Although conventional wisdom holds that New Lynn is Auckland’s ‘gateway to the west’, I have always found the border to be more appropriately marked by the weird subaquatic sentinels that sprout up from the roundabout on Titirangi Road. Beyond this point, the road narrows, the houses are fewer and further between, and, if your window is rolled down, the smell of the sea gets stronger and stronger.

Scale is of the utmost importance for public sculpture - too small and a work simply doesn’t register, too big and it antagonises. A roundabout - so banal yet so central - is a cracking place to host a work, and the 1993 Waitakere City Council board seems to have agreed. Higgens was a graduating student that year and won the council-sponsored competition with these supersized iterations of her jewelry designs, forms inspired by the lichen that silently inhabits the Waitakere. A testament indeed to the legibility of her forms that they could be so outrageously inflated - first from tiny organisms to jewelry-sized, and then to taller than buildings.

It feels correct to refer to Lisa Higgens’ The Bush Markers so obliquely as ‘the forms in the roundabout’ because anyone, even those who have only passed through the area a handful of times, will recognise them. I do not live in Titirangi but I feel I could draw the three algae stalks recognisably from memory. The community has apparently warmed to them since they were painted - until 2009 they were a somewhat more confronting salmon pink. Originally destined to be removed after five years, they have now inhabited the site for nearly thirty. (And, bizarrely, in 2017 the roundabout was singled out at one of the world’s best by the UK Roundabout Appreciation Society and subsequently featured on its annual calendar, representing December.)

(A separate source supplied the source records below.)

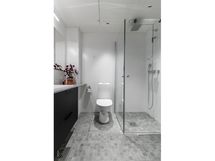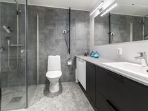 - Pesutilojen varusteet: WC-istuin, suihkukaappi, pesukoneliitäntä, peili, lattialämmitys, suihku ja kiinteät valaisimet. Pesutilojen kuvaus: 2 kpl, toisessa pesukoneliitäntä.
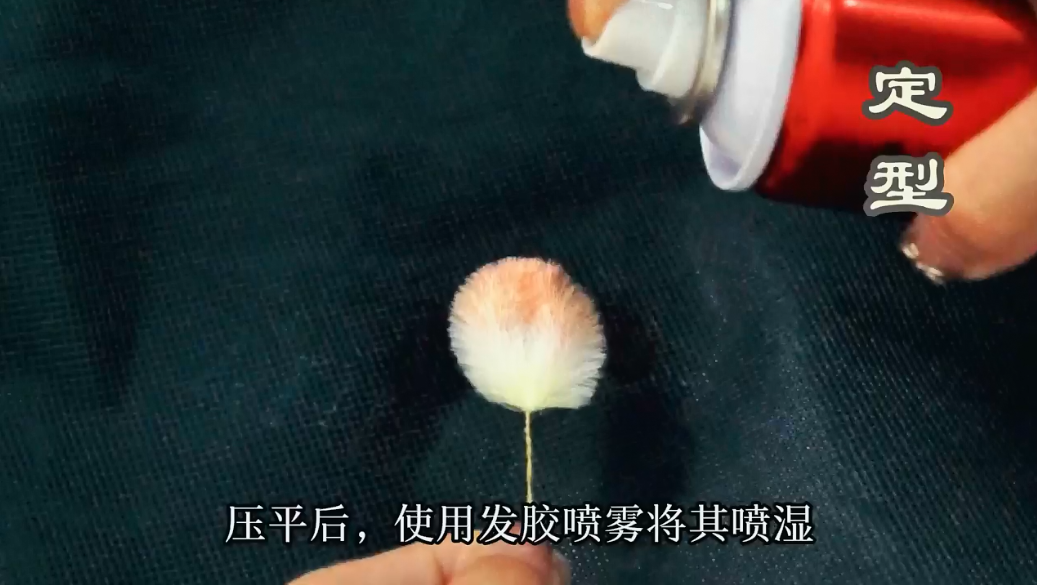 6.定型:压平后,使用发胶喷雾将其喷湿。
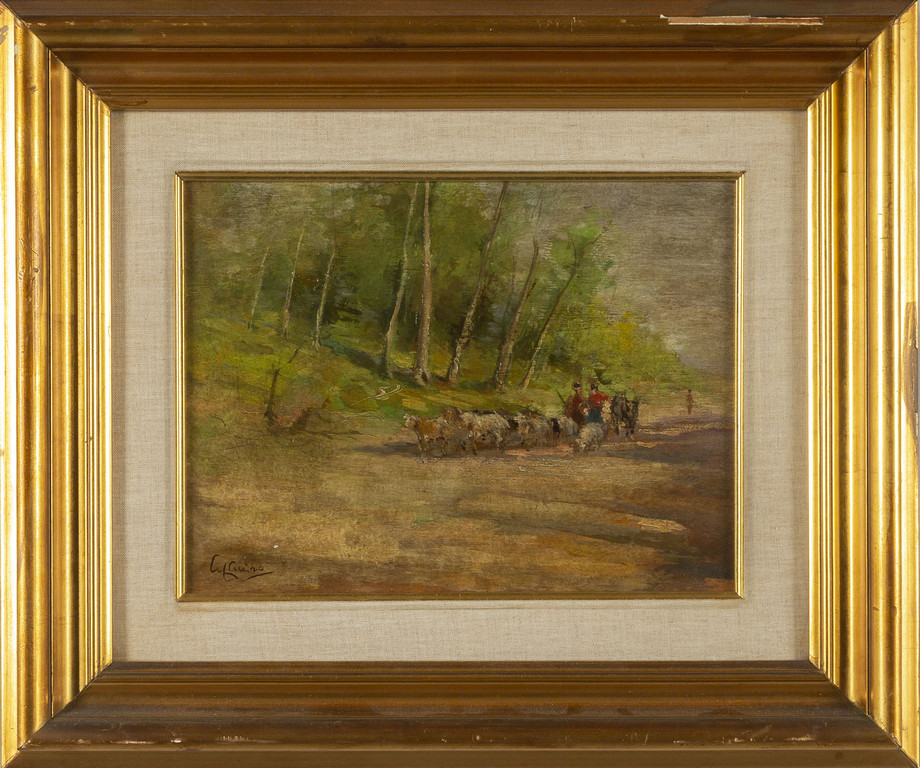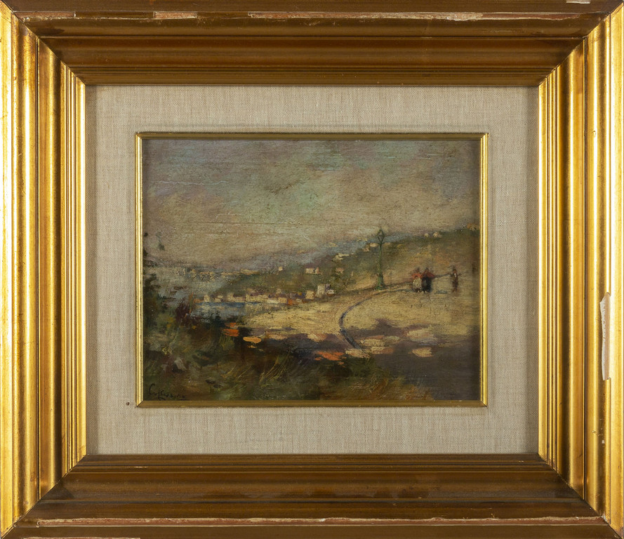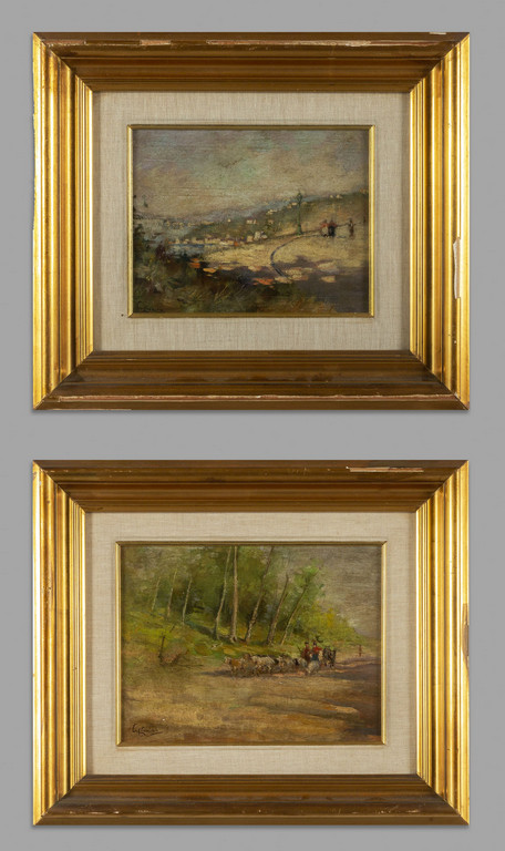 Scuola italiana sec.XX "Paesaggi" due olii su tavoletta f.ti
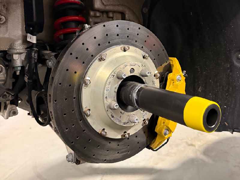 Si una rueda patina durante la instalación o el desmontaje, puede dañar fácilmente las pinzas de freno pintadas o los costosos discos de freno carbocerámicos (PCCB). El pasador guía mantiene la rueda firmemente sujeta.
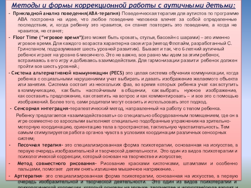 Слайд 12Методы и формы коррекционной работы с аутичными детьми:

And how perfect a pairing of style and substance that is - lichen, actually comprised of at least two organisms (usually a fungus and an algae), flourishes in town and country equally. It can be spotted clinging to coastal rocks or concrete roof tiles, tree bark or asphalt. They are hardy, weather storms and dry spells admirably and without fuss. In hindsight, a more perfect symbol for this liminal junction, this border between bungalows, bush and beach, can’t be imagined. 

Heading into the west woods recently I paused at the crossroad and read Higgens’ work differently. Perhaps the long shadow of Covid-19 restrictions combined with kauri dieback regulations coloured the outing, and I felt that somehow I was being warned away. Like Macbeth’s three witches, their now-anthropomorphised heads bobbed as they riddled, ‘ere the other side we see.